A Project to Develop a Handbook of DOE Operational Safety Event and Accident Investigation Techniques

September 16, 2010

The objective of this project is to convert the existing DOE AI “Workbook” into a DOE Technical Standard as defined in DOE-TSPP-5, dated July 1, 2009, and update the material to include current thinking, methods, and approaches for analysis and the conduct of investigations. The DOE AI Workbook has not been updated since 1999.

Note: The existing, current chapters of the DOE AI “Workbook” are in BLACK the proposed additions to create the handbook are in RED.

Outline: Handbook of U.S. Department of Energy (DOE) Operational Safety Event and Accident Investigation Techniques

Foreword

This section provides an overview and describes the changes in the current “Workbook” that will be preformed to create the new Technical Standard ”Handbook”, and new or updated techniques and approaches to be included.

Introduction and Accident Prevention Philosophy

This section includes a discussion on: Accident Prevention, Highly Reliable Organizations (HRO)/Organizational Learning, Human Performance Improvement (HPI), history the Accident Investigation (AI) “Handbook”, role of stakeholders in owning, developing, and using the “Handbook” as a living document, to be updated as knowledge matures from using the techniques.

Part I - The Context of DOE's Accident Investigation and Prevention Program

Section 1 - Accidents: General Principles Framework of DOE Accident Investigations and Operational Safety Event Reviews

1.1 Nature of Accidents and their Prevention (Update with new Prevention theory/understanding)

1.2 Human Performance and Reliability Factors Considerations

This section will be significantly updated to include: “Accident Prevention” philosophy, approaches and methods for human performance improvement, and promotion of high reliability organizations. Introductory portions and overview of “Volume 1 –HPI Handbook Concepts and Principles” will be excerpted and referenced in this section.

1.2.1 Human Error Event Precursors

1.2.2 Human-Machine Interface

1.2.3 Human Capabilities

1.2.4 Equipment/Design Considerations

1.2.5 Physical Work Environment

1.3 The Integrated Safety Management (ISM) Safety System Framework

Additional emphasis will be placed on the flow of the DOE approach from the Integrated Safety Management (ISM) perspective, to the human and organizational management systems interfaces.

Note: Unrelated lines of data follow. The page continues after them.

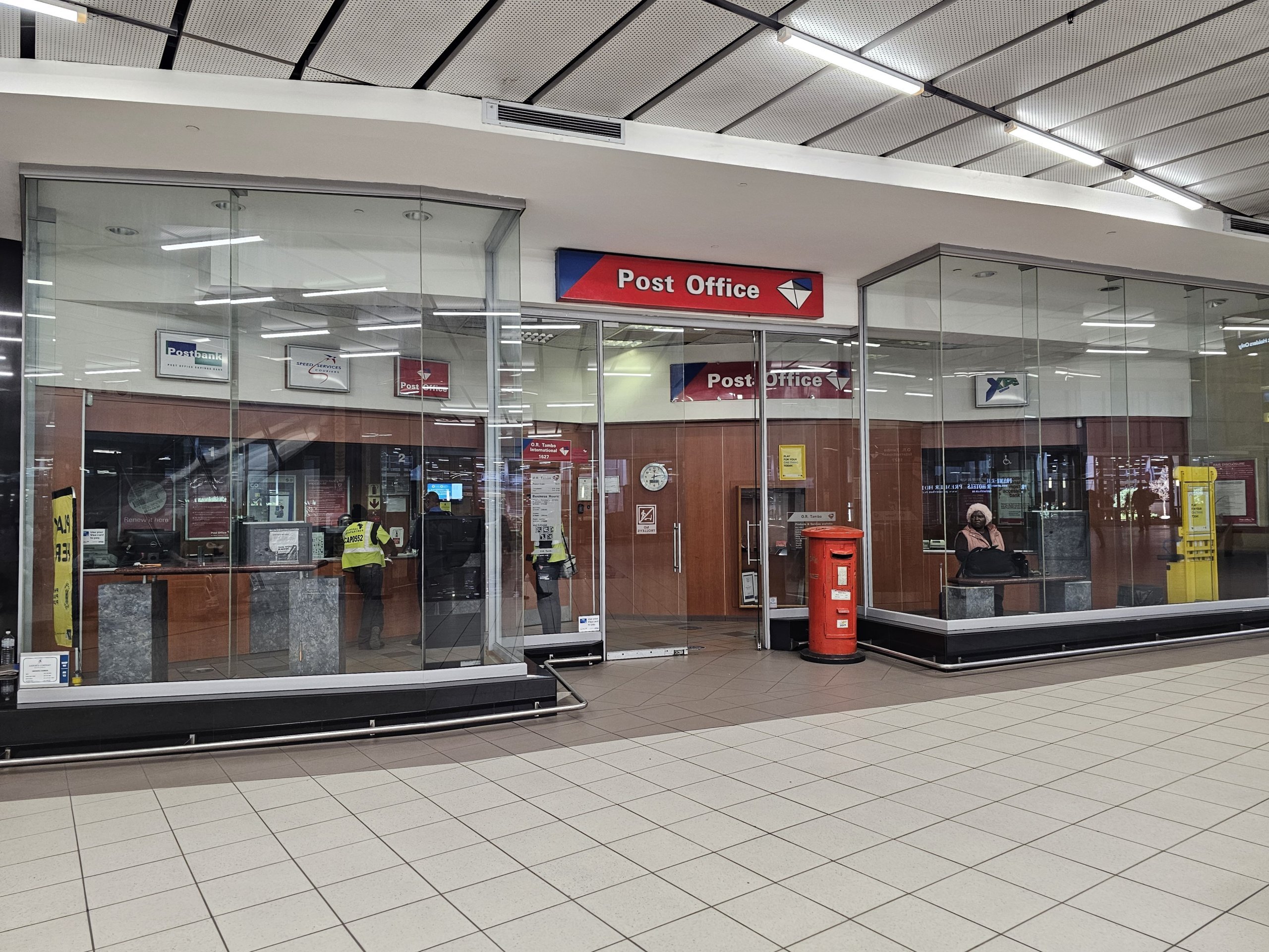 Un bureau de poste sud-africain se trouve au rez-de-chaussée du terminal principal, près du hall des arrivées. Il est ouvert tous les jours, y compris le week-end, de 8h à 19h.
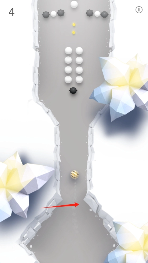 2、于游戏里,巧妙地操控球体,避开白色球体与黑色尖刺状的障碍物,与此同时收集黄色菱形道具,力求获取更高的分数。
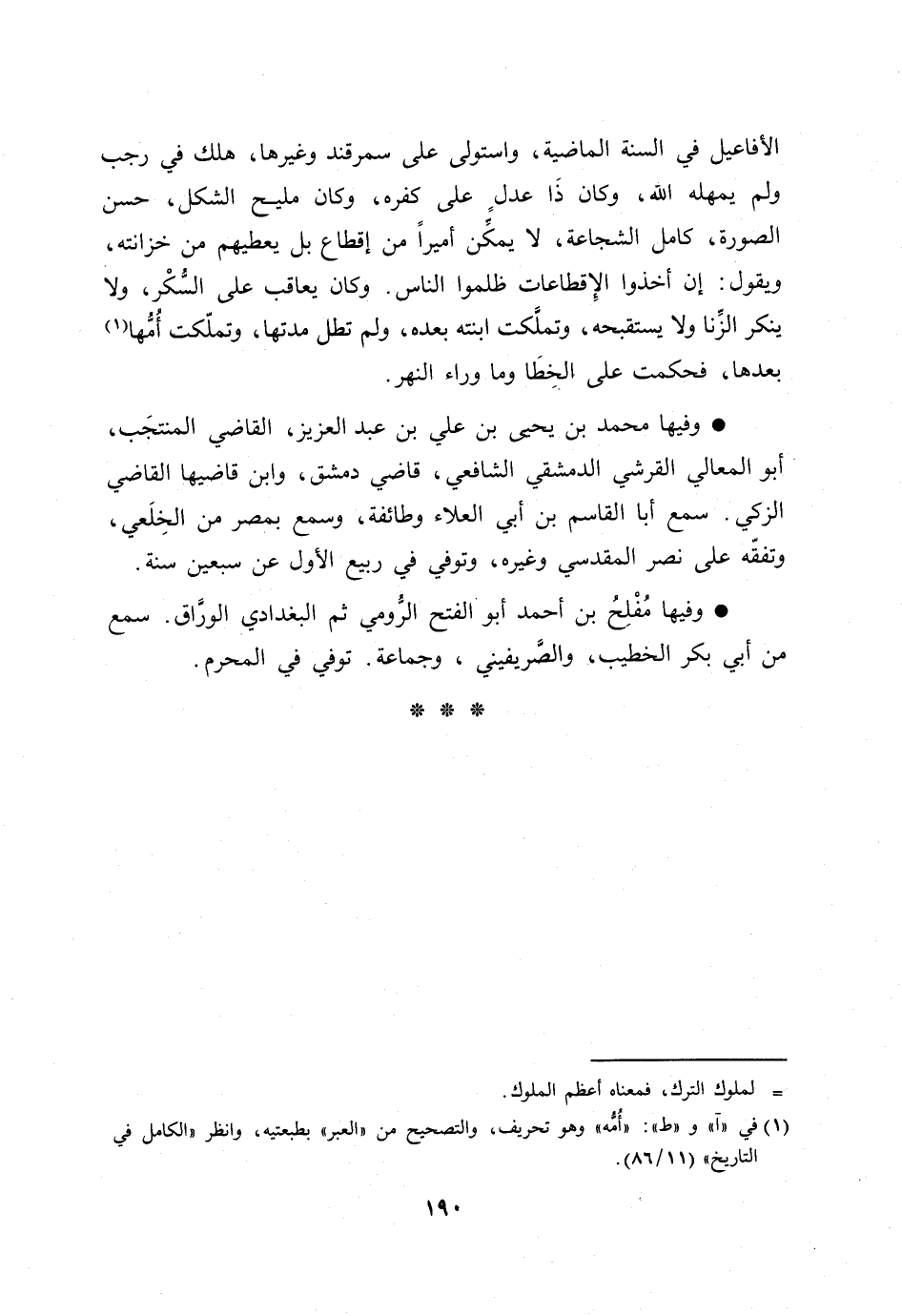 الأفاعيل في السنة الماضية، واستولى على سمرقند وغيرها، هلك في رجب ولم يمهله الله، وكان ذا عدل على كفره، وكان مليح الشكل، حسن الصورة، كامل الشجاعة، لا يمكّن أميرا من إقطاع بل يعطيهم من خزانته، ويقول: إن أخذوا الإقطاعات ظلموا الناس. وكان يعاقب على السّكر، ولا ينكر الزّنا ولا يستقبحه، وتملّكت ابنته بعده، ولم تطل مدتها، وتملّكت أمّها [1] بعدها، فحكمت على الخطا وما وراء النهر.
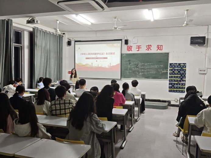 在大一的“学习贯彻《中华人民共和国学位法》,学风建设育栋梁”主题班会上,同学们深入学习了《中华人民共和国学位法》的制定背景、过程和重点内容。从1980年《中华人民共和国学位条例》到2024年《中华人民共和国学位法》的出台,同学们深刻理解到学位制度的不断完善对个人发展和国家人才培养的重要意义。在讲解获得学位授予资格的条件时,主讲人详细解读了思想道德、学业水平和专业能力等方面的要求,让同学们明确了努力方向。同时,通过分析学术不端、非法获取入学资格等反面案例,同学们更加坚定了严守学术诚信、勤奋学习的决心。
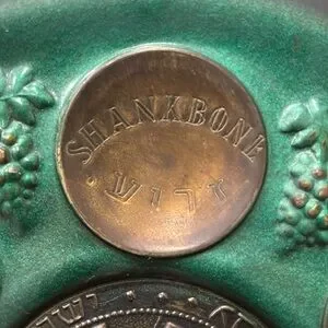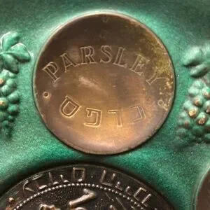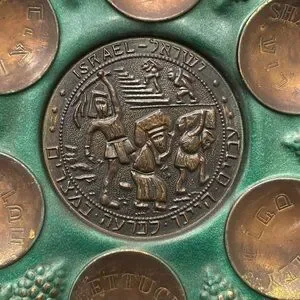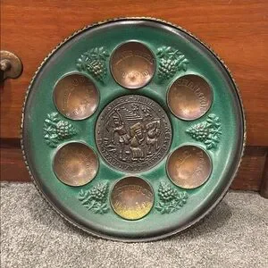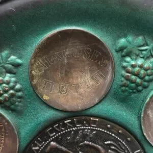 Beautiful vintage Seder plate with green and bronze tones. Features intricate designs and Hebrew inscriptions.
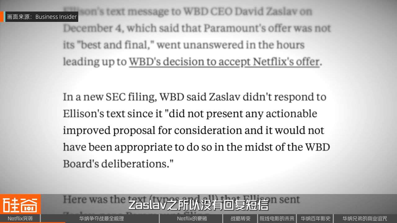 在华纳提交给美国证交会的一份文件中可以看到,Zaslav之所以没有回复短信,是因为他认为这条短信“没有提出任何可操作的方案,而且已经过了收购提案截止日期,在华纳董事会审议期间这样做也不合适”。
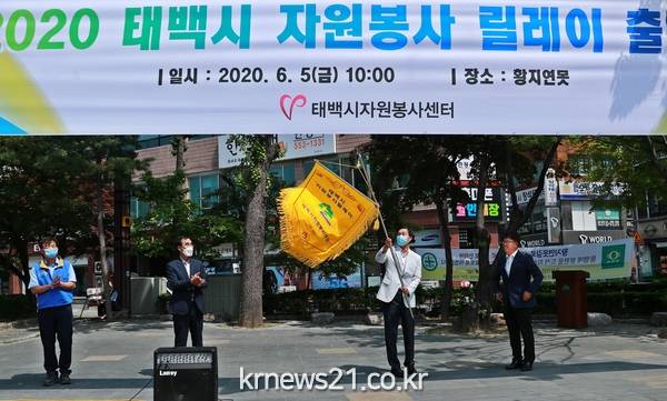 태백시 자원봉사센터는 5일 오전 10시 황지연못 문화광장에서 2020 자원봉사 릴레이 출발식을 개최 했다.

1.3.1 Organizational Work Environment (Modify Existing Section 1.2.5, update with HRO/HPI Concepts)

1.3.2 Imagining work as believed to be performed versus how it is actually preformed.

1.3.3 The High Reliability Organization

1.3.4 Latent Organizational Deficiencies

Key Points to Remember

Section 2 - DOE's Accident Prevention and Investigation Program

The focus of updating this section will be mostly related to: 1) incorporating the changes that will come from the issuance of the new version of the AI Order 225.1B and, 2) providing lessons learned and best practices discussed by both DOE and DOE contractor personnel who have utilized these approaches over the past years since the “Workbook” was published.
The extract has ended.